Time is ubiquitous in road safety data, since collisions and road safety implementations always happen at some point in time. This section will show how you can analyse the temporal dimensions of the real world crashes_2021 object we created in Chapter 4, and then demonstrate how to handle time series data in base R, as well as with hms and lubridate packages. The aim is to get you up-to-speed with how data analysis with time data ‘feels’ before learning the details in subsequent sections. If you are the kind of person who likes to know the details first, feel free to skip this section and return to it later.
library(tidyverse)
── Attaching core tidyverse packages ──────────────────────── tidyverse 2.0.0 ──
✔ dplyr 1.1.4 ✔ readr 2.1.5
✔ forcats 1.0.0 ✔ stringr 1.5.1
✔ ggplot2 3.5.2 ✔ tibble 3.3.0
✔ lubridate 1.9.4 ✔ tidyr 1.3.1
✔ purrr 1.1.0
── Conflicts ────────────────────────────────────────── tidyverse_conflicts() ──
✖ dplyr::filter() masks stats::filter()
✖ dplyr::lag() masks stats::lag()
ℹ Use the conflicted package (<http://conflicted.r-lib.org/>) to force all conflicts to become errors
crashes =tibble(casualty_type =c("pedestrian", "cyclist", "cat"),casualty_age =seq(from =20, to =60, by =20),vehicle_type =c("car", "bus", "tank"),dark =c(TRUE, FALSE, TRUE))
6.1 Temporal analysis of crash data
To get a feel for temporal data analysis in R, let’s start by reading-in crash data for 2021 with the stats19 package by typing the following into the Source Editor and running the code, line-by-line, as taught in Chapter 3:
library(stats19)crashes_2021 =get_stats19(2021)
Note that, unlike the longer crashes_2021 = get_stats19(year = 2021, type = "accidents") used in Chapter 4, we did not use named arguments in this code chunk. Instead of year = 2021, we simply typed 2021. That is possible because R functions can be specified by name matching or order: the first argument of get_stats() is year, so the function is expecting a year value.

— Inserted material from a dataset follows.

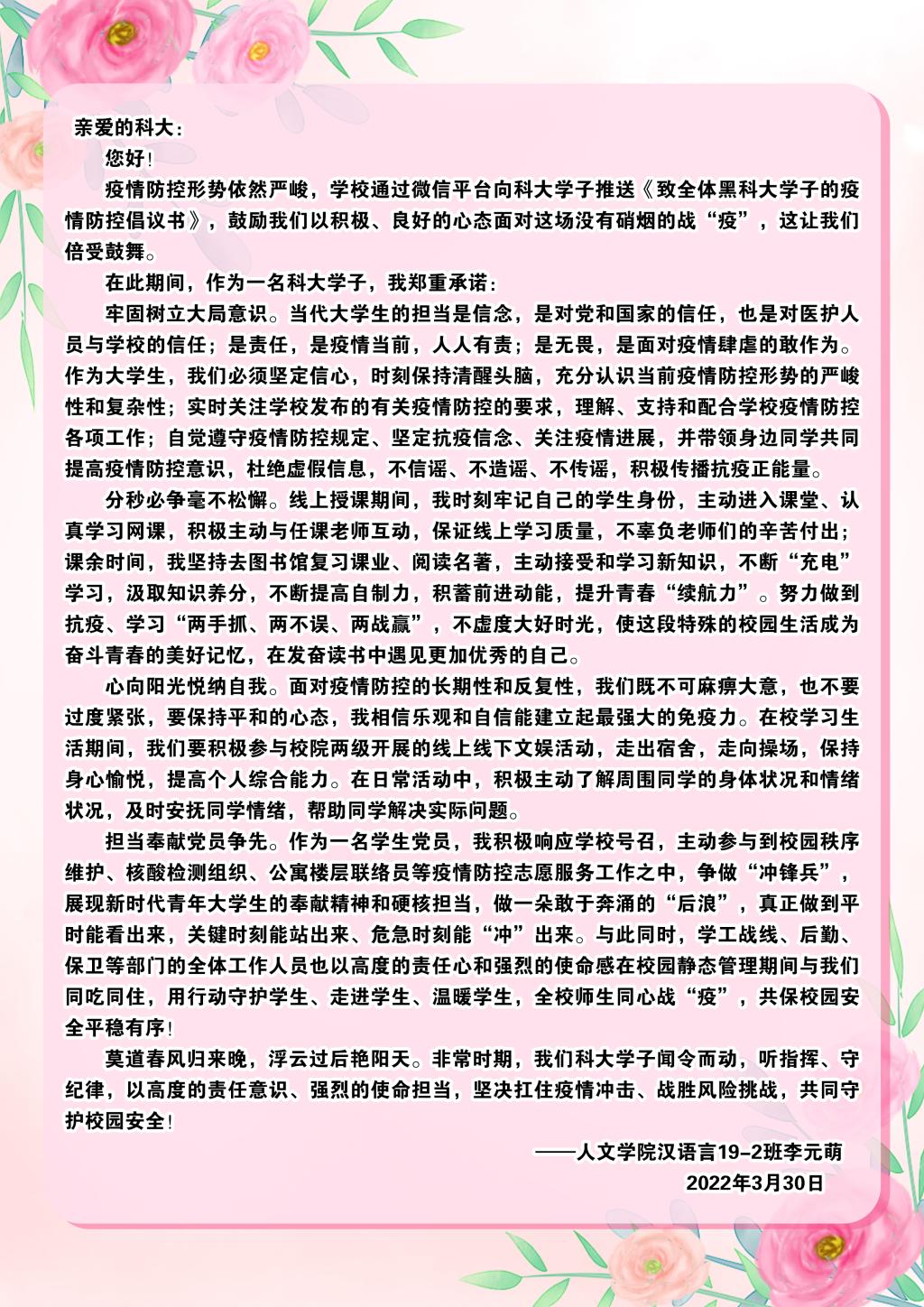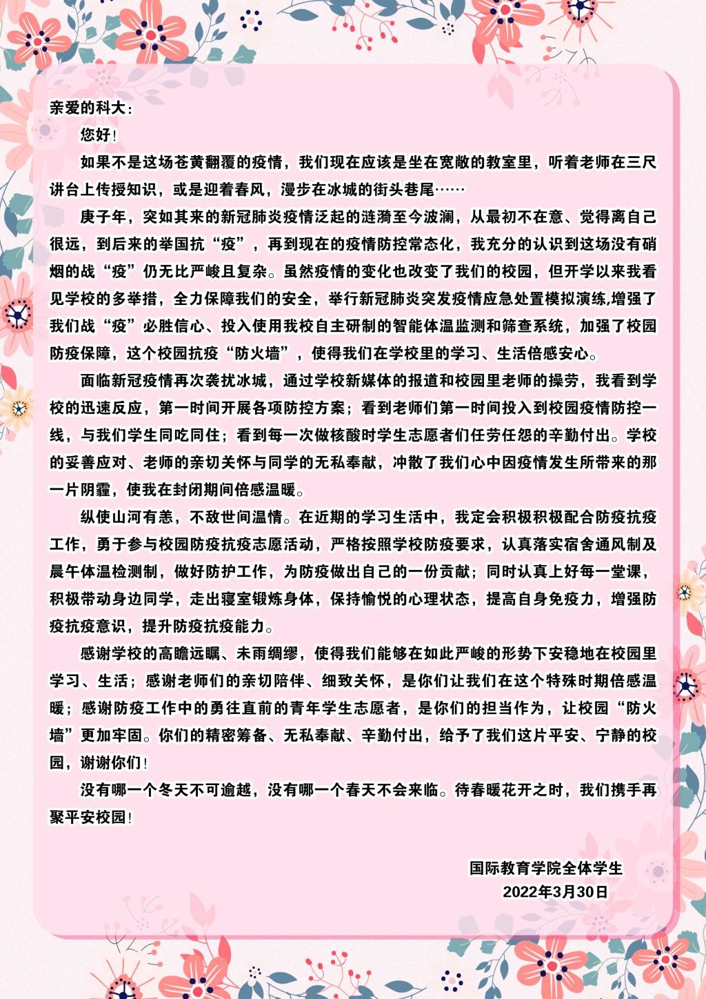 编者按:新一轮疫情来势汹汹,为保证全体师生的健康安全,学校决定实行静态管理,并发布了《全校师生同心协力战胜疫情倡议书》《致全体黑开云app登录入口学子的疫情防控倡议书》,开云app登录入口学子闻令而动,听指挥、守纪律,以良好的心态和积极的行动面对疫情的考验。近日,众多开云app登录入口学子纷纷给学校回信,纸短情长,一封封回信饱含了学生们对学校深厚的情感,表达了共同战“疫”、坚定打赢这场抗击疫情攻坚战的决心和信心。莫道浮云终蔽日,严冬过尽绽春蕾。相信在所有人的共同努力下,我们一定能够战胜疫情,赢取最终胜利!今天,我们选取其中的三封来信刊发,用以诠释全校大学生任何时候都与母校同在的心底最强音。

Also, although we didn’t explicitly specify the accidents table, type = "accidents" is the default value, so type only needs to be specified when importing casualty and vehicle datasets.
With that educational aside out of the way, we will now take a look at the time variables that are actually in our newly read-in dataset:
Building on the previous section and a bit of guesswork, it should be clear what just happened: we selected variables that match (with the matches() function) the character strings "time" or (as indicated by the | vertical pipe symbol) "date" and returned the matching variable names. This shows that the stats19 package gives you not one, not two, but three temporal variables.
Exercises:
Print the first 6 and then the first 10 elements of each of the three temporal variables in crashes_2021.

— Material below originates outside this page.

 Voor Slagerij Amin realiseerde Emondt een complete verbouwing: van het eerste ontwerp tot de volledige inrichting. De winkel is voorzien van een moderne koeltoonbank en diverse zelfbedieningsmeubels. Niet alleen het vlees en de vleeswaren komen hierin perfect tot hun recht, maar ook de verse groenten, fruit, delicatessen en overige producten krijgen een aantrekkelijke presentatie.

What is the class of each variable (technically, of each vector)?
Bonus: Extract the weekday from the variable called date.

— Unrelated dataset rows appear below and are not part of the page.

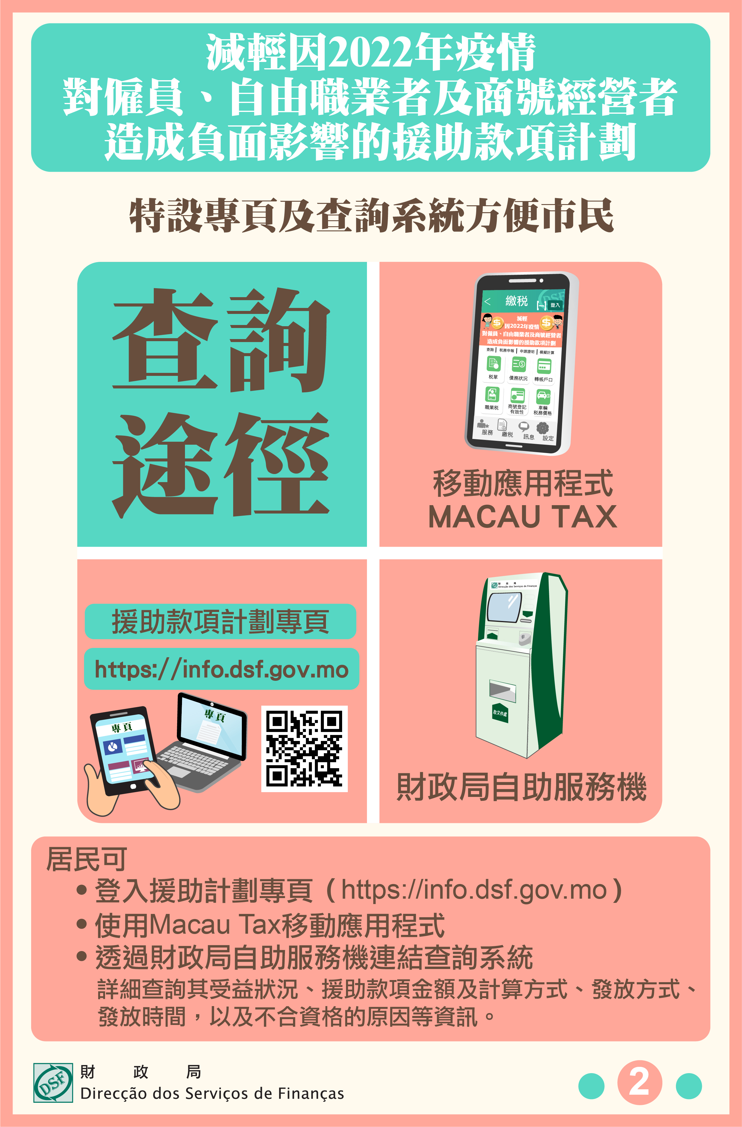 居民可登入援助計劃專頁( https://info.dsf.gov.mo )、使用Macau Tax移動應用程式,又或透過財政局自助服務機連結查詢系統,詳細查詢其受益狀況、援助款項金額及計算方式、發放方式、發放時間,以及不合資格的原因等資訊。
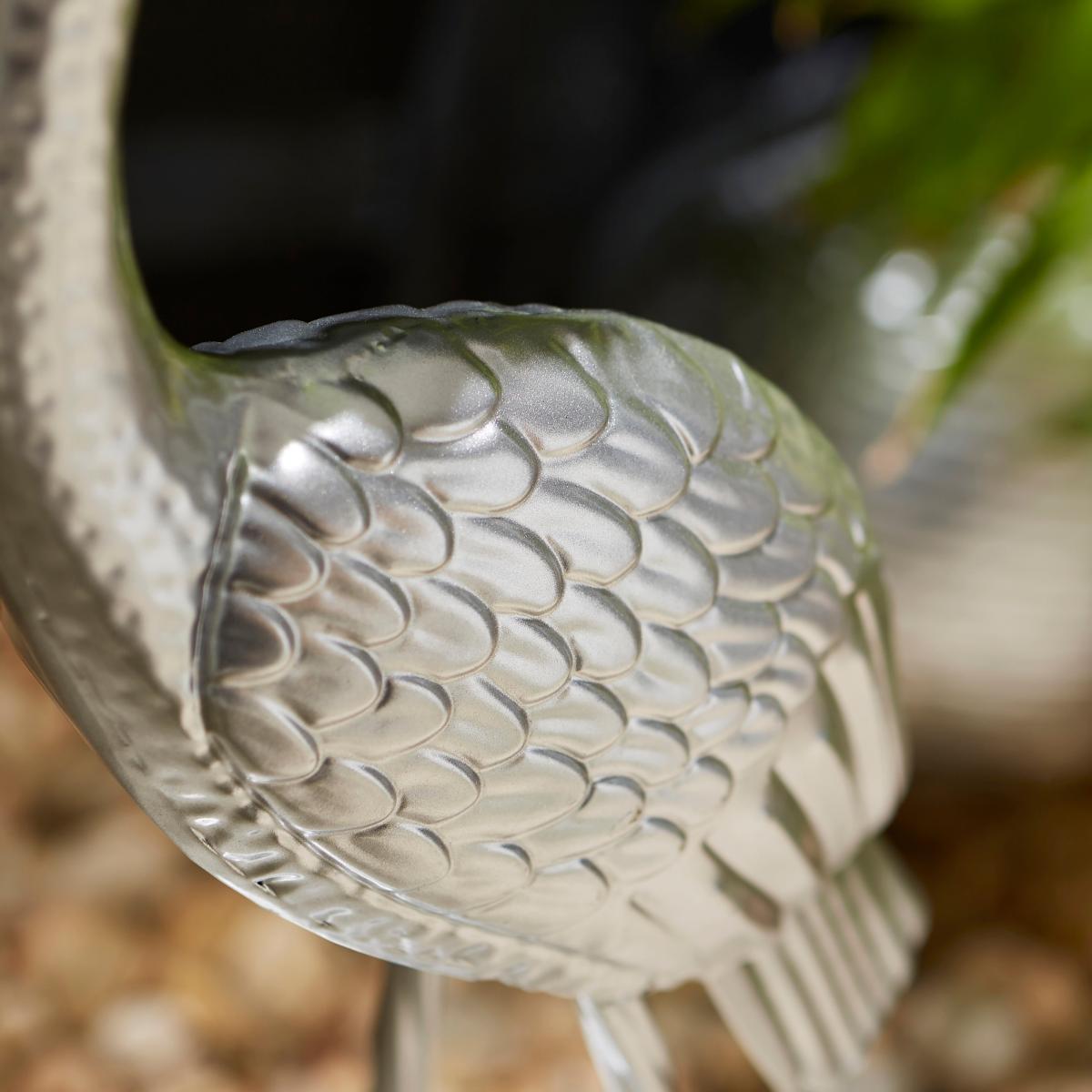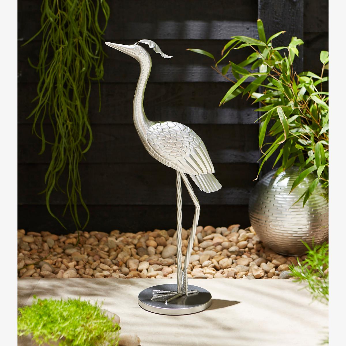 This silver heron sculpture makes a stylish statement piece that works well in contemporary or eclectic interiors. I love how it adds a touch of metallic sophistication without overpowering a space. It’s versatile enough to be placed on a mantel, sideboard, or even as a standalone accent in an entrance hall. For practical styling, pair it with neutral backgrounds or natural textures like wood, stone, or greenery to highlight its sleek, metallic finish. Keep it simple and let the sculpture be the focal point-it's a smart addition to modern settings or for adding a touch of elegance to outdoor covered areas.
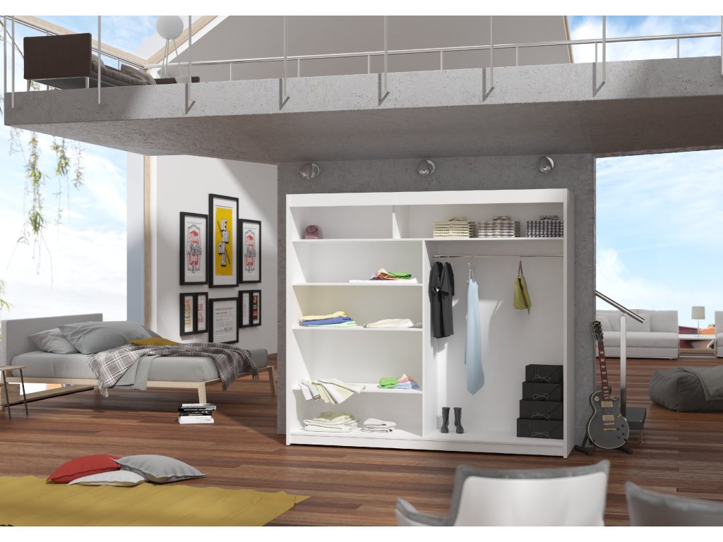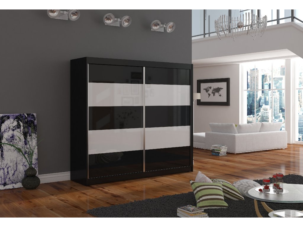Moderní šatní skříň Rosario. Skříň má posuvné dveře,dvoudveřové.
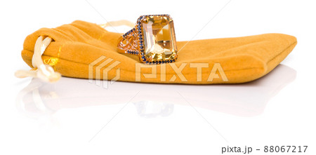 Citrine with Blue Sapphire ring on yellow velvet bag. Collection of natural gemstones accessories. Studio shot
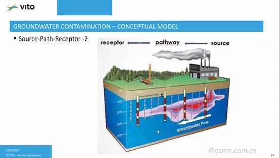 This is another type of visualization of the source spot receptor concept. In this case, there is an industrial site of pollution. If we really want to know how many locations we have to sample, it is also a very good exercise to optimize the number of observation wells which you need and where you have to do that sampling. You have to consider that the more installation you do more expensive it becomes and there is always somebody has to pay for it. So, that is why you have to understand the groundwater systems, how the flowing is and how the source spot receptor way is before you go on the field with your drilling machine and install all these observation wells which can lead to many samples. If the samples which you have taken are not useful, then it is a waste of money. So you always have to do a proper desk study before you can go on the field and installed all the items which you need for your proper ground water sampling.
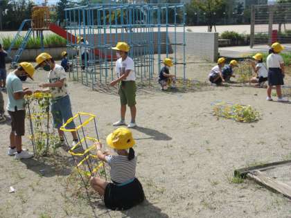 1年生 アサガオのツルを取りました
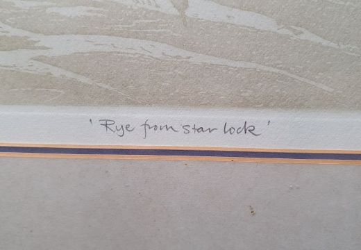 Gordon E Miles (b.1947) Etching and aquatint "Rye from Star Lock", titled, signed and dated 83, numbered 74/100 within margin, framed and glazed, 52.5cm x 41cm, with original Royal Academy Summer Exhibition 1983 sale receipt

Bonus: How many crashes happened on Monday?
Of the three time variables, it should be clear from the outcome of previous exercises that datetime contains the most useful information. To consolidate the plotting know-how learned in Chapter 4, we shall start by simply plotting the datetime object (Figure 6.1). Plotting data is a good way of understanding new datasets and the variables they contain. Create the following three plots to show how date and time vary as a function of datetime:
Figure 6.1: Three plots of the datetime (x axis) in relation to the date and time axis.
Figure 6.2: Three plots of the datetime (x axis) in relation to the date and time axis.
Figure 6.3: Three plots of the datetime (x axis) in relation to the date and time axis.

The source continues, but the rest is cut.